Mets GM Jared Porter admits to sending unsolicited penis photo to reporter

Brand-new Mets GM Jared Porter sent an unsolicited photo of an “erect, naked penis” to a woman reporter in 2016, he admitted Monday night in a bombshell ESPN report. The photo came after dozens of texts from Porter that the woman did not respond to.

Porter was a Cubs employee at the time. He admits to sending the photo but denies that it was his own penis.

The woman was a foreign MLB correspondent who first turned over the messages to ESPN in 2017. She only consented to their publication this year after leaving journalism.

“My number one motivation is I want to prevent this from happening to someone else,” she said. “Obviously he’s in a much greater position of power. I want to prevent that from happening again.”

Screenshots of the texts appear in the story. They make it clear that after an initial friendly exchange, Porter sent 62 consecutive unwanted, unanswered, often sexual sexual messages.

“Jared has acknowledged to me his serious error in judgment, has taken responsibility for his conduct, has expressed remorse and has previously apologized for his actions,” Porter’s boss, Mets president Sandy Alderson, said in a statement. “The Mets take these matters seriously, expect professional and ethical behavior from all of our employees, and certainly do not condone the conduct described in your story. We will follow up as we review the facts regarding this serious issue.”

Alderson said in his statement that he just learned of the texts on Monday night.

The story was reported by Jeff Passan and Mina Kimes of ESPN, who based their story off records of text messages between Porter and the woman.

It was unclear what “facts” needed to be “reviewed” given that Porter admitted sending the texts that appear in the story. He signed a four-year deal to run the Mets’ front office in December.

Porter, 41, was hired to replace Brodie Van Wagenen as the Mets’ general manager just over a month ago. Steve Cohen’s honeymoon phase as Mets owner is over.

It’s difficult to see Porter hanging on to his job much longer. Incredibly, it’s the second straight offseason where the Mets have had a major hire plunge into a years-old scandal. Manager Carlos Beltran was fired weeks after his hiring because of an MLB report on his role in the 2017 Astros cheating scandal.

When asked about the erect penis photo, Porter told ESPN that “the more explicit ones are not of me. Those are like, kinda like joke-stock images.”

Porter appears to have followed the Anthony Weiner playbook, at one point sending “several that would show a man lying on a bed with a bulge in his pants,” according to the report. Two of the bulge photos were sent with a World Series ring he won as a Red Sox staffer.

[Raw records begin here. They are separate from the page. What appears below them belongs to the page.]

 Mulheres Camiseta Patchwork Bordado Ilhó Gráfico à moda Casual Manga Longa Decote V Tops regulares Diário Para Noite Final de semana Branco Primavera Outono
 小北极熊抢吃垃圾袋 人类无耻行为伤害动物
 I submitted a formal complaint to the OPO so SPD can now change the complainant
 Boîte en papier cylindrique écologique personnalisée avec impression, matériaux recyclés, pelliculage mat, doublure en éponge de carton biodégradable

Despite the bizarre claim that he sent the woman a penis photo as a “joke” after dozens of ignored messages, Porter appears to have known at some point that his conduct was more serious. According to the report, he apologized to the woman after she called the penis photo “extremely inappropriate, very offensive, and getting out of line” in a text.

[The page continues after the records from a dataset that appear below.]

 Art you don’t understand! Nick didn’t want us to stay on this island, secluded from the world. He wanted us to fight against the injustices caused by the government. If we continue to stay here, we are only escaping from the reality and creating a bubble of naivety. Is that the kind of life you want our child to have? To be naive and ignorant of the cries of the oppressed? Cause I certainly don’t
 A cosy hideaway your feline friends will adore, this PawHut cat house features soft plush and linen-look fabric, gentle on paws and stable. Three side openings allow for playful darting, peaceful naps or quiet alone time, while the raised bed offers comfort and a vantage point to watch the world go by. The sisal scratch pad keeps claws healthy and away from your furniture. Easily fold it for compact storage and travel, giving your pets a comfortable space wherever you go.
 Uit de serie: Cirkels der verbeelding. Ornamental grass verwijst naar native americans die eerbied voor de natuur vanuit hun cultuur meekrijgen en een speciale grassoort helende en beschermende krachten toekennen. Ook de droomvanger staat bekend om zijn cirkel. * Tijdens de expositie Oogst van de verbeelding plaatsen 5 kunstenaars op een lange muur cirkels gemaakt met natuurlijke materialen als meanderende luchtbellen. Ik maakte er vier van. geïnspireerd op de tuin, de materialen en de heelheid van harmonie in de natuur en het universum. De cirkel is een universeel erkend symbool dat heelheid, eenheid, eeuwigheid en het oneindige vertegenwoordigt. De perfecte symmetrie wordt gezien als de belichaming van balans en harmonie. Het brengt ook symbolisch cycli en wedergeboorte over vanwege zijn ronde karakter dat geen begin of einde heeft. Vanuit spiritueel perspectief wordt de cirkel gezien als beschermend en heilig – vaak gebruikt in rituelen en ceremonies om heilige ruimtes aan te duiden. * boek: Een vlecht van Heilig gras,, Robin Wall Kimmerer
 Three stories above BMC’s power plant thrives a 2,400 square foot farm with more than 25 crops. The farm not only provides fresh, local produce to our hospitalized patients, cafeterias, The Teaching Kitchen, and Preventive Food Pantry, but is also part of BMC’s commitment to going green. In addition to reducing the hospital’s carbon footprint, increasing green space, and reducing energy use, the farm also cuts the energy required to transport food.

She wrote that line with help from “a player from her home country and an interpreter,” according to the report. The player and interpreter saw the penis text.

“Being alone in a different country made it tougher,” she told Passan and Kimes. “I didn’t know who to trust and rely on.”

The woman said that she did not sense that Porter was contrite. “The other thing is I never really got the notion that he was truly sorry,” she told ESPN in a statement.

She says that she told a Cubs employee about the texts during the 2016 playoffs. The Cubs won the World Series that October and Porter left for Arizona.

When the woman and Porter were in the same stadium in 2017, she says she hid as soon as she saw him. “It’s a male-dominated industry,” she told ESPN. “But it was a tipping point for me. I started to ask myself, ‘Why do I have to put myself through these situations to earn a living?’”

In a statement to ESPN, the Cubs denied being aware of their then-employee harassing the reporter.